In Summary
  • Disruption and competition is not happening so much in technology hubs, but in real-life business situations.
  • In food delivery, the companies people used to call to order pizza and burgers are now competing with apps of taxi companies and platforms that they use to pay electricity and water bills.
  • There are also big opportunities in cargo transportation which accounts for 35 percent of the cost of some goods in Africa.
  • In areas of passenger transport, mega disrupters like Uber and Matatus are themselves being disrupted themselves.

Nairobi was once described as a hotbed of innovation. But the story of disruption and competition is not happening so much in technology hubs, but in real-life business situations.

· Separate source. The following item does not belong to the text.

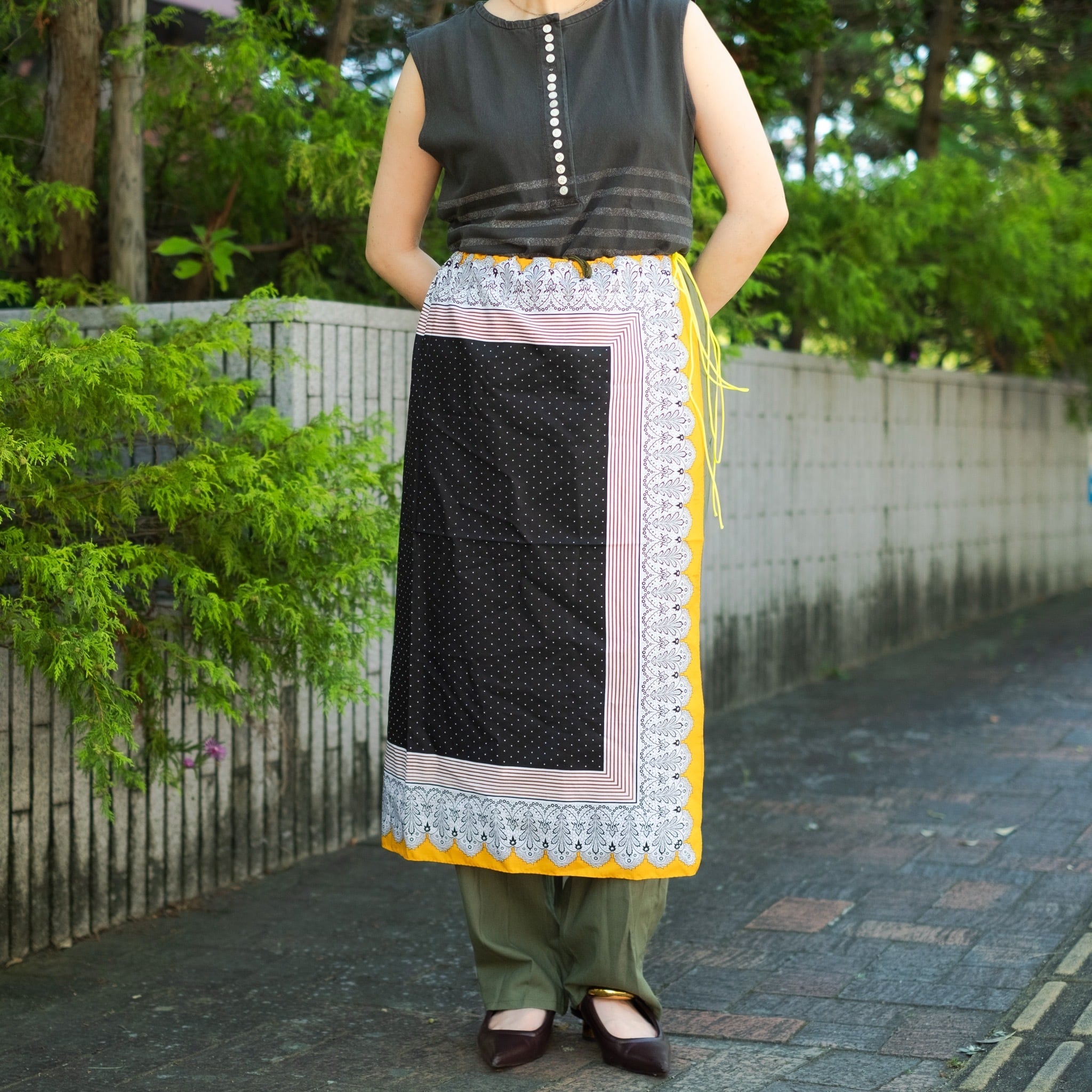 大判のスカーフをラップスカートにリメイク。
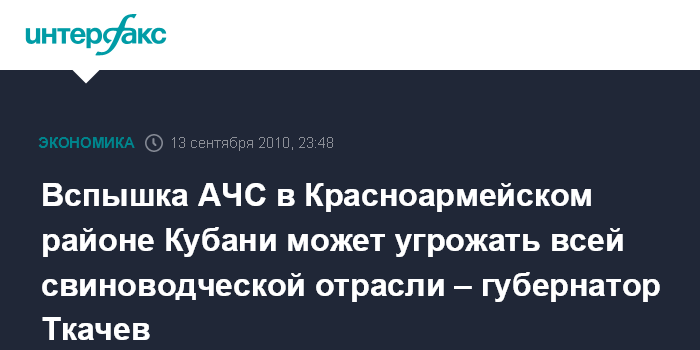 "Пока нет результатов анализов по другим хозяйствам и ЛПХ района, но, я уверен, что это как раз тот случай, когда беда не приходит одна. В угрожаемой зоне - весь район. Несмотря на все меры, которые принимал край, чтобы не допустить завоза опасной инфекции из соседних регионов, заражение произошло. И, в первую очередь, эффективность работы по предупреждению чумы сводит на нет банальный человеческий фактор. Элементарная халатность, пренебрежение нормами санитарной безопасности. Очаг чумы свиней появился на крупном предприятии, где животные находятся на закрытом содержании", - заявил А.Ткачев на мероприятии, посвященном вспышке АЧС.

Kiosks and petrol stations are turning in to drop-off points for parcel and e-commerce companies. The SGR has taken away trucking business on the Mombasa Highway and plans for the Naivasha dry port are leading to an atrophy of Mombasa courier firms.

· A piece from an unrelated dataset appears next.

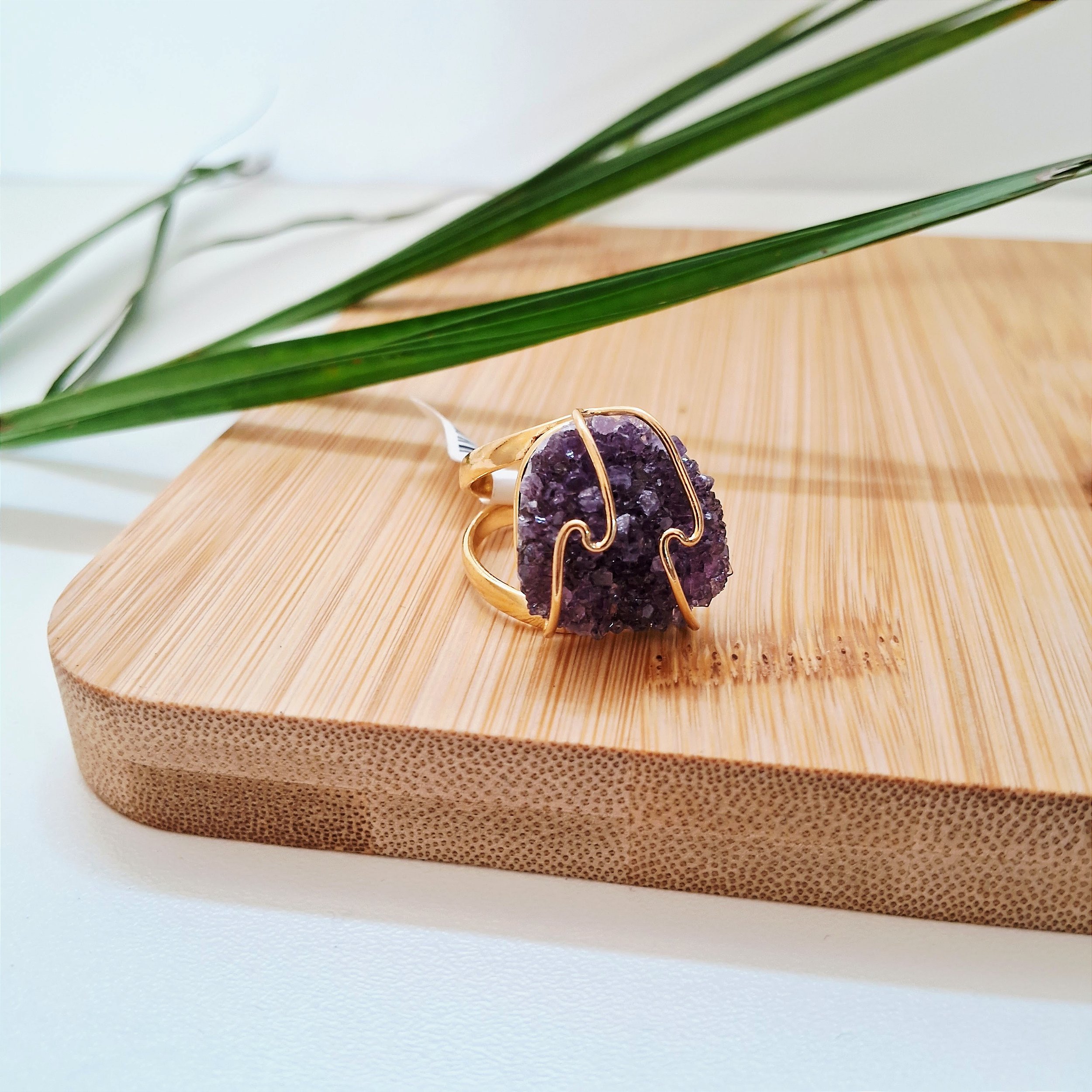 Anel Regulável Drusa Ametista - Folheado a Ouro
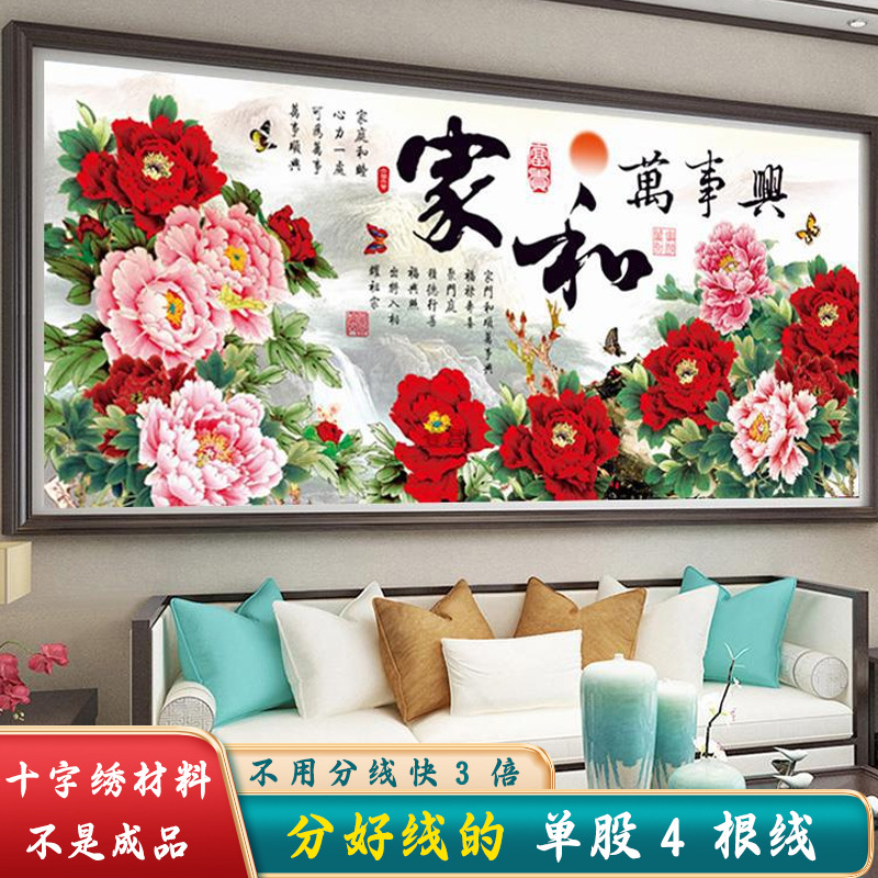 材料非完成品-分好線家と万事興十字刺繍2024新型客間牡丹花卉大幅

Instagram is disrupting clothes shops at malls. Supermarkets are disrupting restaurants by offering ready-cooked food based on the amount shoppers want to pay.

Co-working spaces, which disrupted offices, are now being partially replaced by bars that have Wi-Fi, coffee, car washes, and free parking that are all conducive for quiet morning meetings.

But the most interesting developments are in the spaces of food delivery, cargo transportation and matatu commutes.

COMPETING WITH APPS

In food delivery, the companies people used to call to order pizza and burgers are now competing with apps of taxi companies and platforms that they use to pay electricity and water bills.